[Your task] Although the data below contains pictures, output only the lines between those holding "مايوه بكيني نسائي" and "Один край теста", inclusive, exactly and without those pictures.

☆ ☆ ☆ ☆ ☆ ☆ ☆

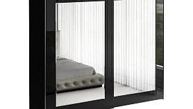 Шкаф-купе с системой плавного закрывания дверей Cinetto PS48 (Италия). Фасад декорирован зеркалами и окрашенным стеклом. Шкаф имеет четыре отделения, в которых установлена штанга под длинную одежду, две штанги под короткую одежду, щитовые полки и выдвижные ящики с функцией плавного закрывания. В крайнее правое отделение шкафа опционально устанавливаются выдвижные элементы: корзины для белья, полки для обуви, держатель для брюк. На каждый из этих элементов можно установить лоток для мелочей. Также возможно установить выдвижной галстукодержатель. В качестве опции предлагаются светодиодные светильники Sirius mini с датчиком движения. Они устанавливаются в любом месте шкафа и работают от батареек. Изделие комплектуется фурнитурой Cinetto (Италия) и Hettich (Германия).
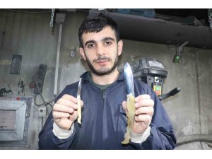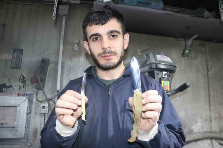 Sivaslı bıçak ustası, 6 yıllık koçboynuzlarından klasik "kadın bacağı bıçağı'na yeni bir görünüm kazandırarak, boyutunu 24 santime çıkarttı.
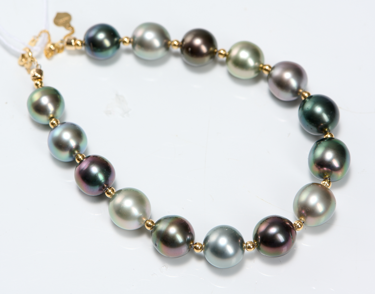 A TAHITIAN PEARL AND 18CT GOLD BEAD BRACELET, THE PEARLS MEASURING APPROXIMATELY 9.74MM IN DIAMETER, LENGTH 220MM
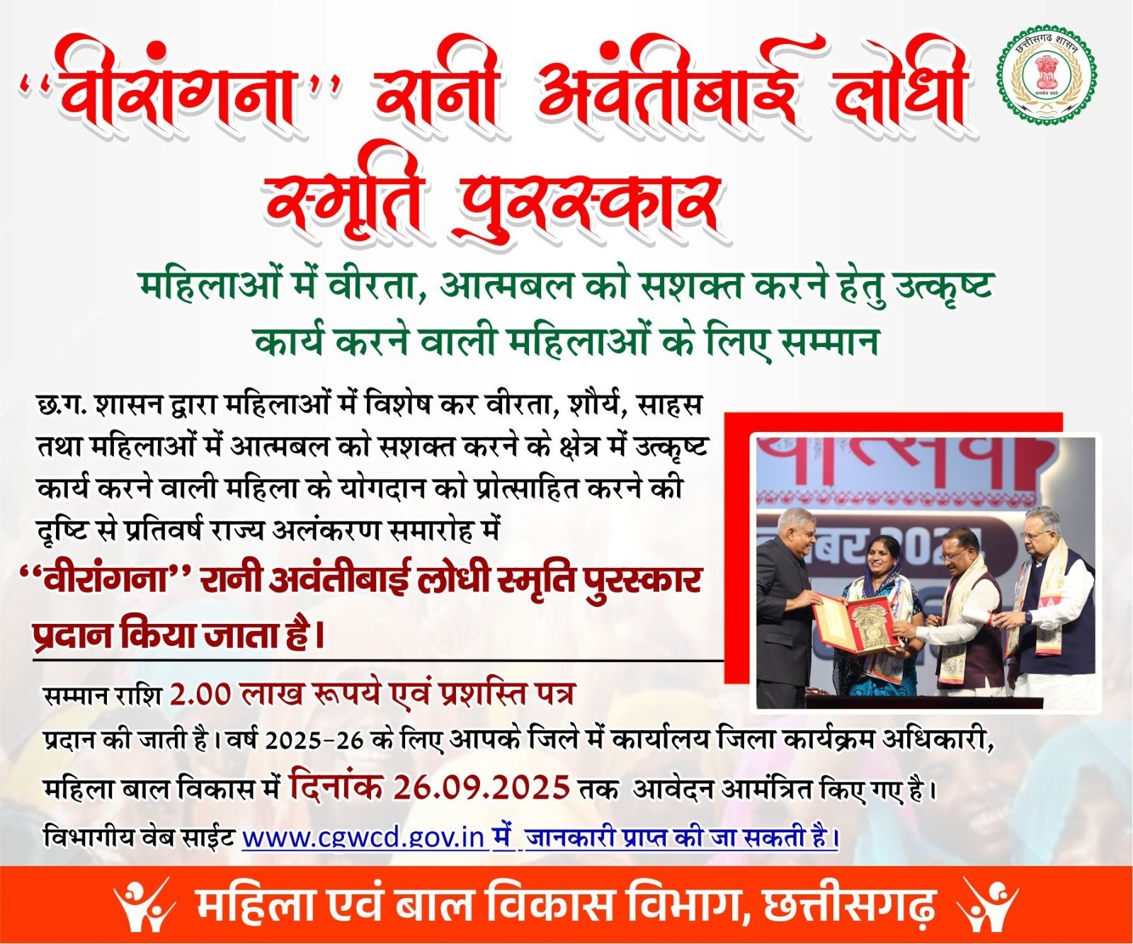 वर्ष 2025-26 में “वीरांगना” रानी अवंतीबाई लोधी स्मृति पुरस्कार प्रदान के लिए कार्यालय जिला कार्यक्रम अधिकारी, महिला बाल विकास जशपुर में 26 सितम्बर 2025 तक आवेदन आमंत्रित किए गए है। उक्त संबंध में अधिक जानकारी विभागीय वेबसाइट www.cgwcd.gov.in में जानकारी प्राप्त की जा सकती है।
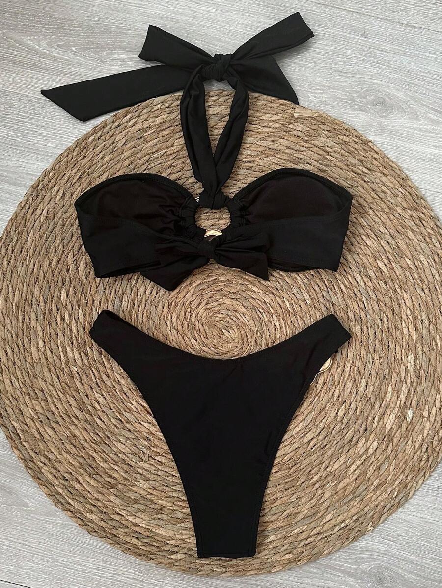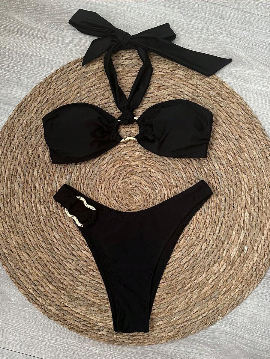 مايوه بكيني نسائي أسود بتصميم هالتر أنيق – إطلالة جريئة وجذّابة لصيف مثالي
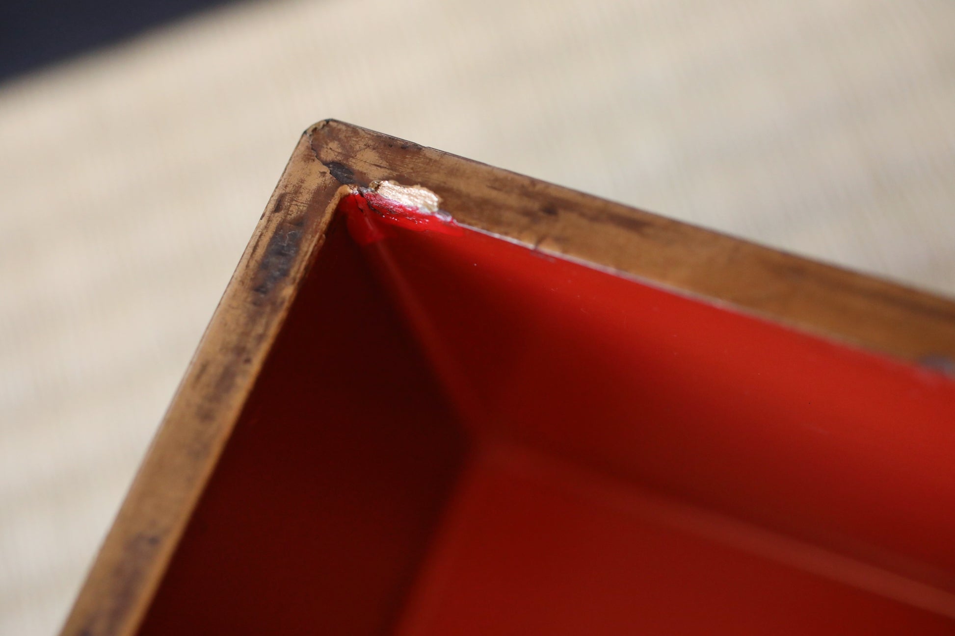 It is overall in good condition. However, there are several areas that have been restored or where the lacquer has peeled off.
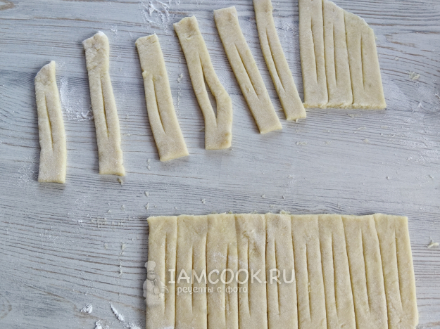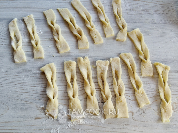 Один край теста протянуть через отверстие и вывернуть в ту же сторону, чтобы получились вот такие завитки.
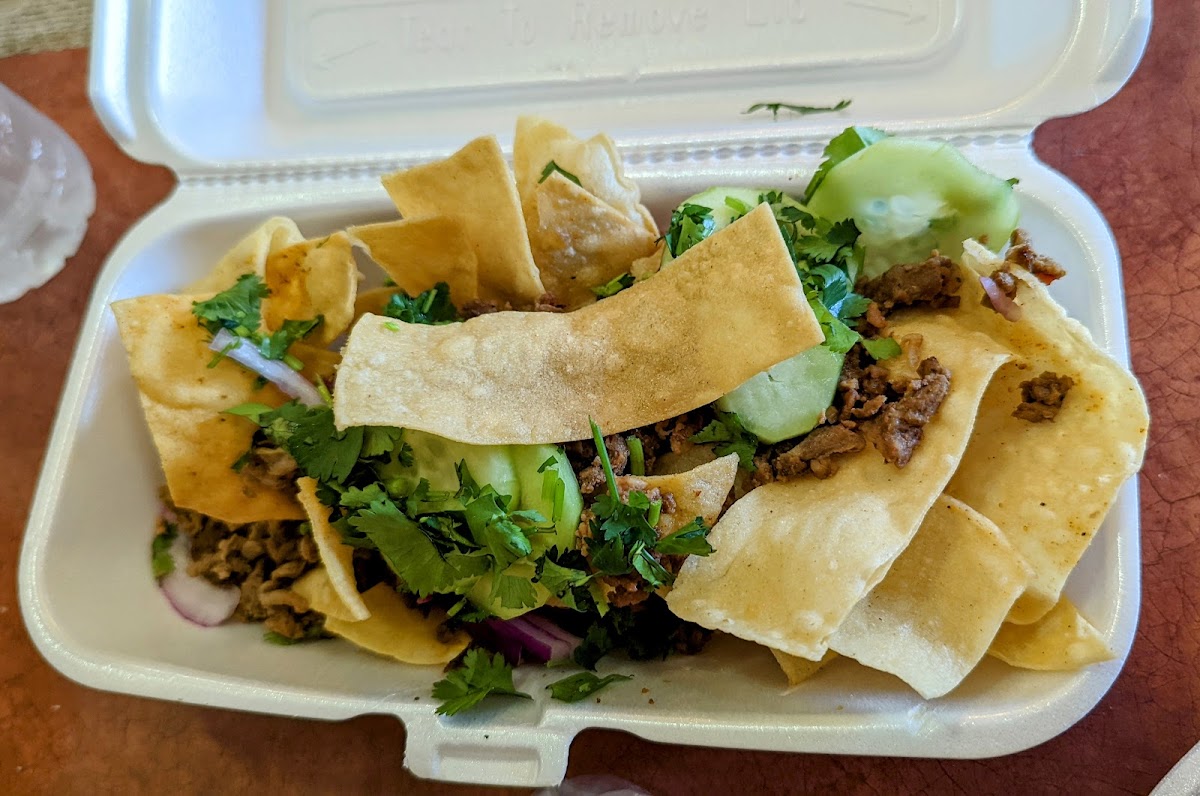 This is an ideal place for take out orders. You order at the counter as you walk in if you want to stay. Didn't like the fact that the food was all in bags even though I was eating in (thawed veggies) presentation is definitely lacking but makes sense because they don't serve you. The best part were the chips for me. The tacos seemed to have random ingredients included (would've preferred some cabbage or lettuce) it had two types of onions, cilantro, cucumbers?, limes, and some sauce.
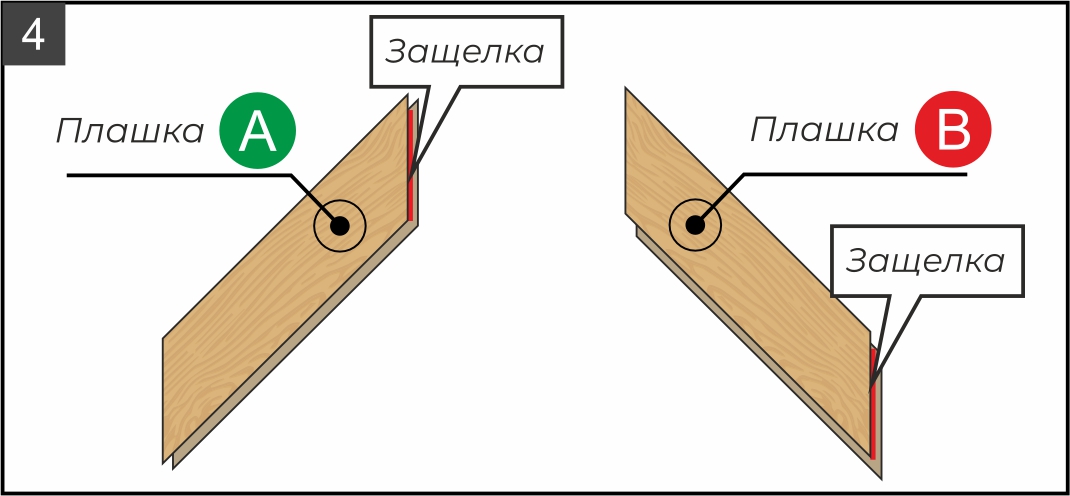 9.3. Начинайте сборку маякового ряда от левого угла комнаты, поочередно вставляя под углом плашки одного вида (плашки «А» или плашки «В») вдоль стены (рис. 6).

☆ ☆ ☆ ☆ ☆ ☆ ☆

[Your response]
 مايوه بكيني نسائي أسود بتصميم هالتر أنيق – إطلالة جريئة وجذّابة لصيف مثالي
 It is overall in good condition. However, there are several areas that have been restored or where the lacquer has peeled off.
 Один край теста протянуть через отверстие и вывернуть в ту же сторону, чтобы получились вот такие завитки.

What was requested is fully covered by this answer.